Navigating the winery workplace with an invisible disability

Saturday, 24 December, 2022
SevenFiftyDaily, Amy Bess Cook
One writer with epilepsy shares what it’s like to work in a winery with an invisible disability and examines what the industry can do to create a more welcoming workplace.

On a sunny summer day in Napa, our wine production crew gathered poolside to kick off the harvest season with a proper party. Vibes were high, and I was eager to get acquainted with my new coworkers. Then everyone started shotgunning beer; everyone but me. 

Only a week before, I’d had a violent grand mal seizure. I still had a grisly gash on my arm from the incident, and lingered in a brain fog that obscured the world around me like a smokescreen. After 35 years of living with epilepsy, I knew that alcohol is a trigger for seizures. Skipping this rite of passage was a logical decision, but an awkward one. My abstinence seemed to mark me as different—even weak. 

In the production cellar, weakness can feel like a career ender. Harvest season requires long hours and arduous physical labor. In our male-dominated industry, “bro” culture prevails, and the typical cellar is fast-paced and competitive in a way that can be both highly invigorating and highly toxic. Workers who move slowly or out of sync may signal an unwillingness to shoulder their fair share of the workload. 

Unfortunately, this assumption fails to account for the rising number of people, like me and so many colleagues, who live and work with an invisible disability. 

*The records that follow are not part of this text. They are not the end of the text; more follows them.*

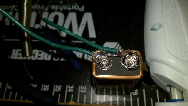 Cinta de uno de los extremos pelados de la hebra de luz de Navidad a la salida correcta de la batería de nueve voltios. Luego tomar el alambre extra y conéctelo a la salida de otros. Prueba su circuito antes de grabar para que usted sepa de qué lado de las luces de Navidad es negativos o positivos para que funcione el circuito. Empuje la batería y los cables conectados a través del agujero que usted cortó en el lado de la botella. Cinta de la batería en su lugar en el agujero. Introducir el extremo restante del filamento de la luz a través del agujero que es perforado en la parte superior de la tapa. Luego alimentar el extremo pelado del cable a través del orificio en el lado de la tapa. Asegúrese de que es sólo a través de la tapa, nit de la parte superior de la botella. Sería algo así como un lazo en la parte superior de la tapa.
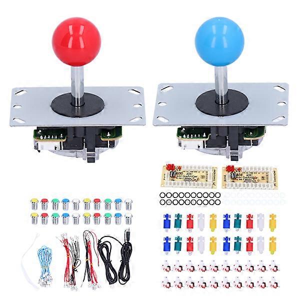 Arcade Game DIY Parts Kit (2-Player) Material: Plastic Features: Electroplated joystick set for 2 players. Suitable for arcade game consoles. Force feedback vibration. Colorful design. Zero-delay USB encoder with its own cable. High-quality 5-pin 8-way joystick (1 million+ clicks lifespan). Bright, uniform LED lights (max 5V). High-quality, high-temperature resistant plastic buttons. Includes: 2 x Joysticks 20 x Buttons 20 x Fasteners 20 x Washers 20 x Switches 20 x White and Blue Wires 20 x LED Lights 2 x Zero-Delay USB Encoder Boards 2 x USB Cables 2 x Red and Black Wires 1 x 5-Pin White Wire
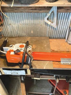 “Makes it easy to yank on the starter rope so I can get it going and warmed up. Once I go out to use it, I have a starter rope extension that makes it easier to start the warmed-up saw while it’s lying on the ground. I made a cord out of clothesline with a wooden handle on one end and a choke knot on the other to go over the handle on the starter rope. It lets me start the saw while standing erect with my foot on the saw handle.”
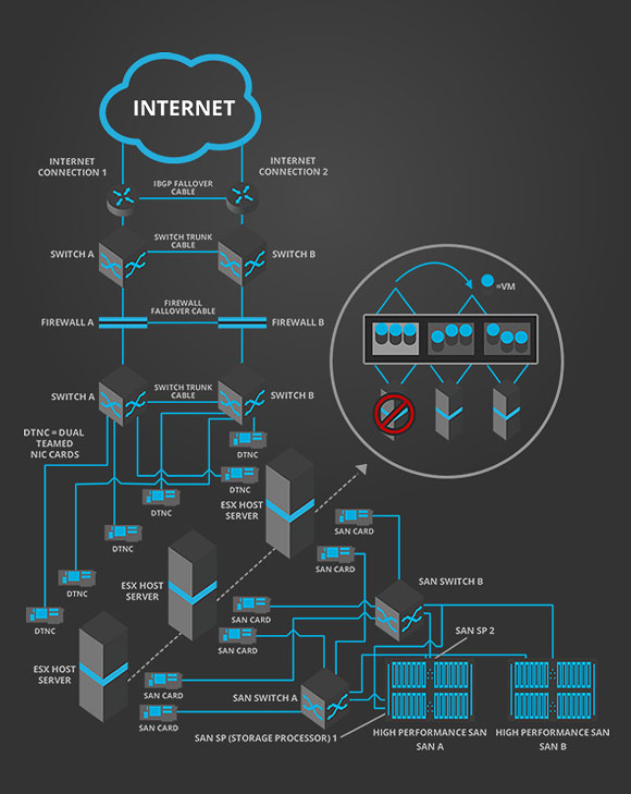 Our “Private Cloud” hosting platform combines industry leading server virtualization software and storage area network technologies in a highly fault tolerant configuration.

What is an Invisible Disability?

Legally recognized by the Americans with Disabilities Act (ADA) and civil rights organizations worldwide, an invisible disability is  “a physical, mental, or neurological condition that is not visible from the outside, yet can limit or challenge a person’s movements, senses, or activities,” according to the Invisible Disabilities Association. They go on to state: “Unfortunately, the very fact that these symptoms are invisible can lead to misunderstandings, false perceptions, and judgments.”

In the United States alone, an estimated 25 percent of people live with a disability and an estimated 20 percent with an invisible disability. The number of workers with disabilities is alarmingly on the rise, partly due to ongoing effects of long COVID. Since the start of the pandemic in 2020, about 900,000 more American workers have reported a disability, according to recent research published by the Federal Reserve Bank of New York

Invisible disabilities range from visual and hearing impairments, to cognitive and learning differences, to others that defy clear categorization. Autism, multiple sclerosis, diabetes, blindness or low vision, and depression are just a few examples. Epilepsy, which caused my grand mal seizure, and which winery worker Joshua Pehle describes below, is also an invisible disability. 

Working in the winery with an invisible disability 

Over the course of my career, which spans several industries, I’ve never felt the burden of my invisible disability as heavily as in winery settings, where I worked for more than a decade.

As that harvest season ramped up, so did my anxiety. My grand mal seizures subsided, but I was still plagued by nagging psychomotor seizures that tended to strike during my morning cellar shifts. For safety purposes, I disclosed my epilepsy to my managers, and we agreed that I would not climb high ladders or drive the forklift. We also agreed that I would work a half-time shift, partly because my nervous system could not handle the standard 12- or 14-hour stints. Lack of sleep induces seizures as reliably as beer. 

Despite these accommodations, I felt myself slipping mentally and physically, forgetting things and botching enology data. I cannot stress enough that my managers were as kind and reasonable as any in my whole career. Yet they couldn’t protect me from my teammates, who knew I received special consideration, but didn’t understand why. As much as I wanted to explain my struggle, disclosing disability is complex. Their discouragement with me was plain, and I became demoralized. Weeks before the end of the season, I quit.

Even the most supportive manager cannot compensate for a broken winery workplace culture—one that moves at such an unapologetically lightning pace that it fails to consider the potential contributions of those who work differently. 

As ashamed as I felt about bailing, I was not alone. One in 10 working adults with disabilities reported experiencing some kind of workplace discrimination within five years of the passage of the ADA, according to recent research. Strikingly, a third of those respondents permanently exited the workforce. How many workers, then, has the wine industry lost to disability discrimination?